Reicht eine jährliche Schulung?

Mindestens. A 6.3 verlangt initiale Schulung beim Eintritt und periodische Auffrischung. Einmal im Jahr ist das Minimum, aber die Vorlage empfiehlt zusätzlich anlassbezogene Schulungen (nach Vorfällen, bei neuen Bedrohungen) und Wissensüberprüfungen am Ende jeder Schulung. Ein Quiz oder Test am Schluss ist die beste Möglichkeit, die Wirksamkeit nachzuweisen — und Auditor:innen fragen danach.

Was steht im Disziplinarverfahren?

Die Vorlage definiert sieben Eskalationsstufen: von der mündlichen Abmahnung über temporäre Zugriffssperrung und verpflichtende Nachschulung bis zur Kündigung und rechtlichen Schritten. Entscheidend ist, dass vor jeder Maßnahme vier Kriterien bewertet werden: Art und Schwere des Verstoßes, Vorsatz, Wiederholung und Schulungsstatus. Ohne diese Bewertung wird jede Disziplinarmaßnahme angreifbar.

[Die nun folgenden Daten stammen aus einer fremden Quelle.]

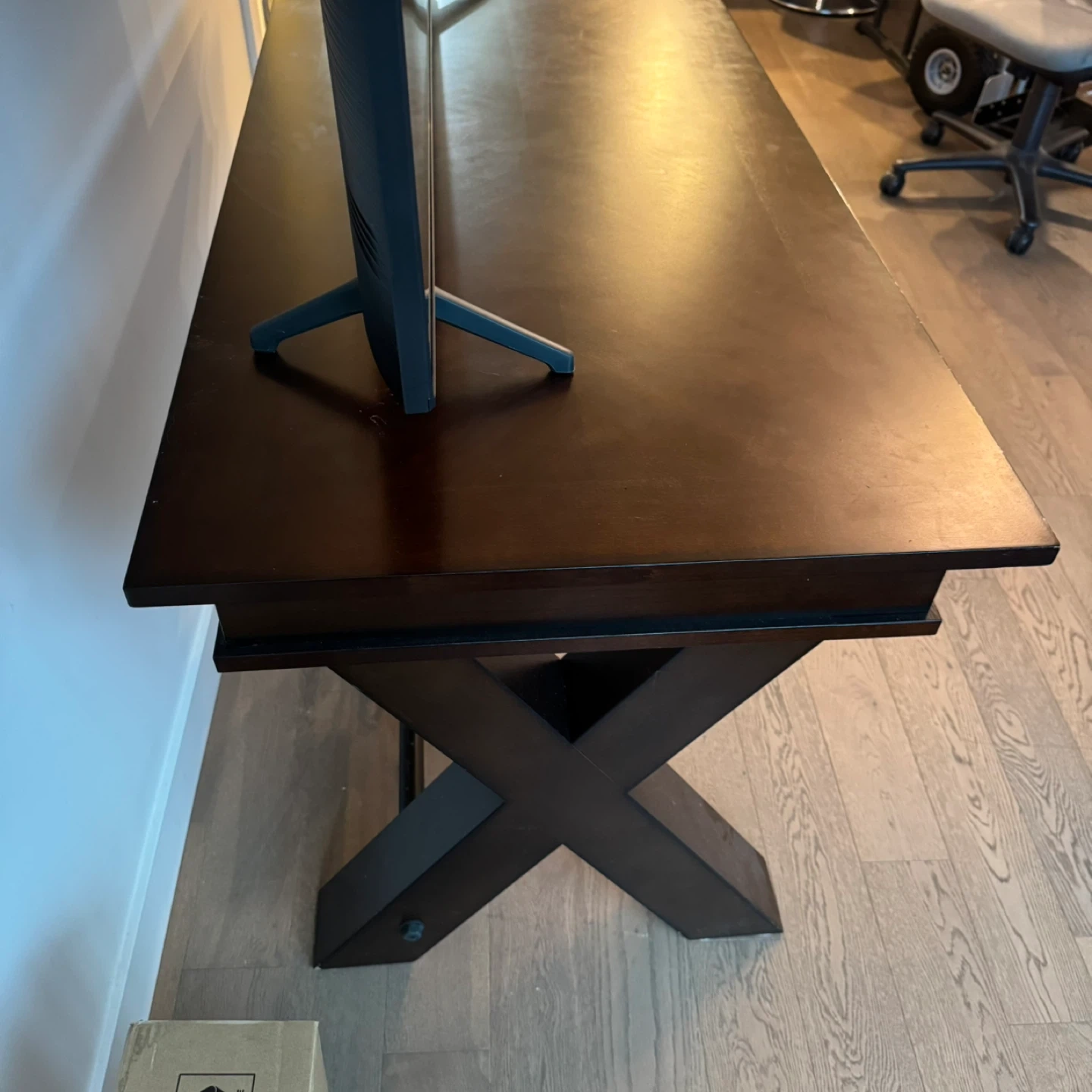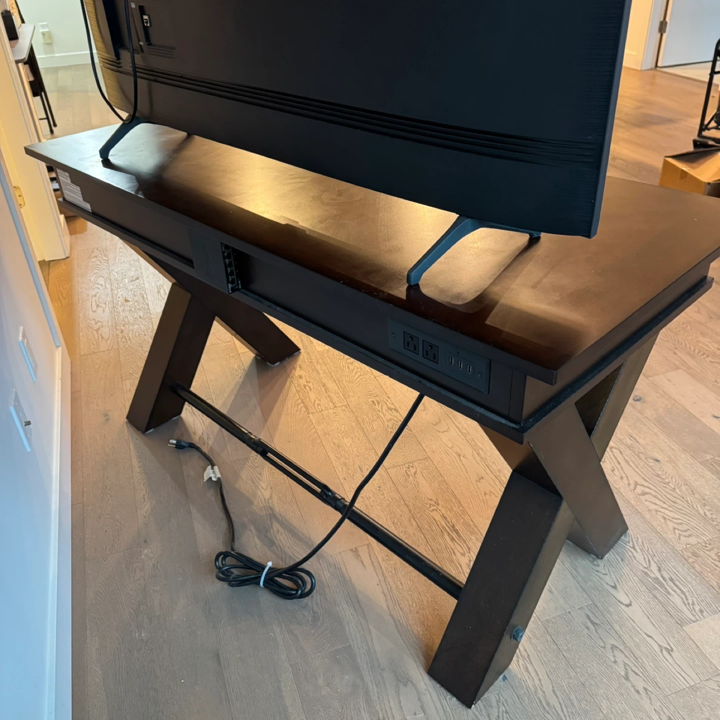 This dark wood desk features a stylish X-leg design and three drawers for storage. It includes built-in power outlets and USB ports for convenience. The desk is a great addition for managing electronics and keeping your workspace tidy.

Brauche ich die Richtlinie auch für Externe?

Ja. Die Vorlage gilt explizit für Auftragnehmer, Berater und Leiharbeitskräfte. Bei externem Personal, das über Dienstleister gestellt wird, müssen gleichwertige Informationssicherheits-Verpflichtungen im Lieferantenvertrag stehen. Das wird in Audits geprüft — besonders bei IT-Dienstleistern mit Systemzugriff.

Was passiert, wenn jemand geht?

Die Vorlage enthält eine Offboarding-Checkliste mit sechs Schritten: Asset-Rückgabe, Entzug logischer Zugriffsrechte, Entzug physischer Zugangsrechte, Wissenstransfer, Erinnerung an fortbestehende Vertraulichkeitspflichten und Aktualisierung von Notfallplänen. Außerdem wird jeder Rollenwechsel intern wie eine Beendigung plus Neuinitiierung behandelt — damit keine Rechte liegen bleiben.